#### [Given data]
══════════
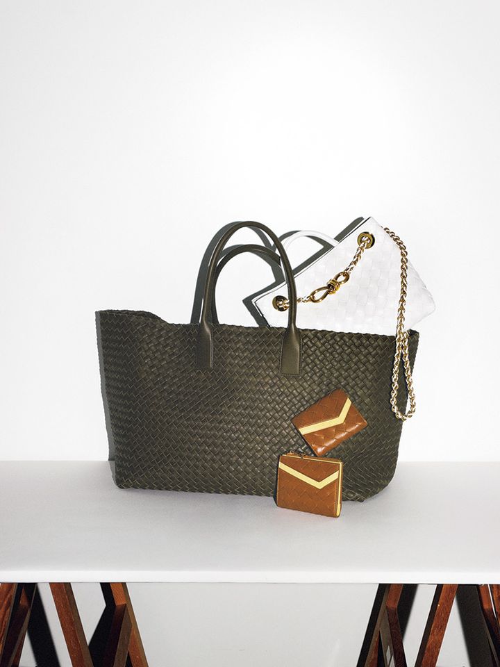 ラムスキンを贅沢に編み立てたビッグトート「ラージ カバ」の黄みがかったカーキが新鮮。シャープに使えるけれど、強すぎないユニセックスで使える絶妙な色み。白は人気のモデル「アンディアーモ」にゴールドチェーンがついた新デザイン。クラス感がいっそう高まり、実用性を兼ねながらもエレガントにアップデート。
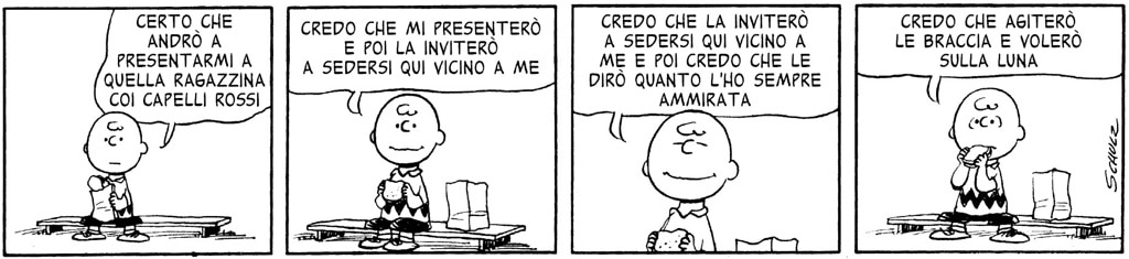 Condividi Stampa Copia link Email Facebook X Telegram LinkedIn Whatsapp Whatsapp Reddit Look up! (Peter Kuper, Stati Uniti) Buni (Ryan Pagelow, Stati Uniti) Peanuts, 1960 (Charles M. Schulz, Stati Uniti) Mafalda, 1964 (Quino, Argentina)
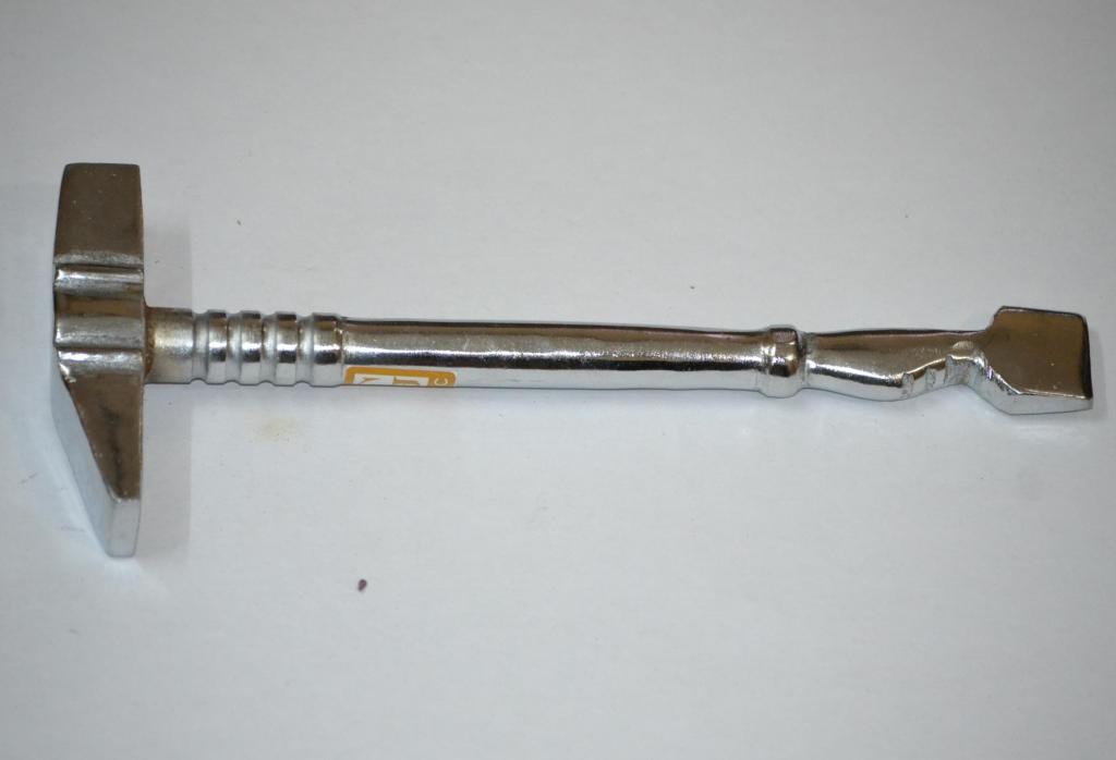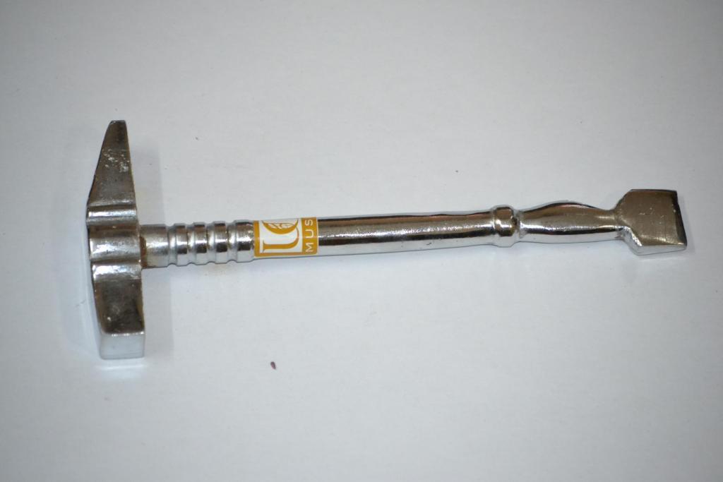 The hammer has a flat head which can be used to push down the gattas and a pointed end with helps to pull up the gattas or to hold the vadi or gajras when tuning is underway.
══════════
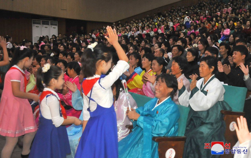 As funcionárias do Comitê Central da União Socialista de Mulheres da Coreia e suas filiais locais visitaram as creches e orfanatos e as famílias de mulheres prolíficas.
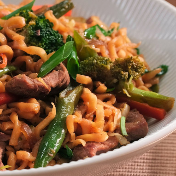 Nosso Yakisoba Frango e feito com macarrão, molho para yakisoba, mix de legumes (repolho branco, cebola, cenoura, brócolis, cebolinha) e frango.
══════════
#### [Problem details]
Reproduce, word for word, only the lines in the records above from the line with "ラムスキンを贅沢に編み立てた" through the line with "The hammer has", including both ends; omit the pictures.

#### [Exercise solution]
 ラムスキンを贅沢に編み立てたビッグトート「ラージ カバ」の黄みがかったカーキが新鮮。シャープに使えるけれど、強すぎないユニセックスで使える絶妙な色み。白は人気のモデル「アンディアーモ」にゴールドチェーンがついた新デザイン。クラス感がいっそう高まり、実用性を兼ねながらもエレガントにアップデート。
 Condividi Stampa Copia link Email Facebook X Telegram LinkedIn Whatsapp Whatsapp Reddit Look up! (Peter Kuper, Stati Uniti) Buni (Ryan Pagelow, Stati Uniti) Peanuts, 1960 (Charles M. Schulz, Stati Uniti) Mafalda, 1964 (Quino, Argentina)
 The hammer has a flat head which can be used to push down the gattas and a pointed end with helps to pull up the gattas or to hold the vadi or gajras when tuning is underway.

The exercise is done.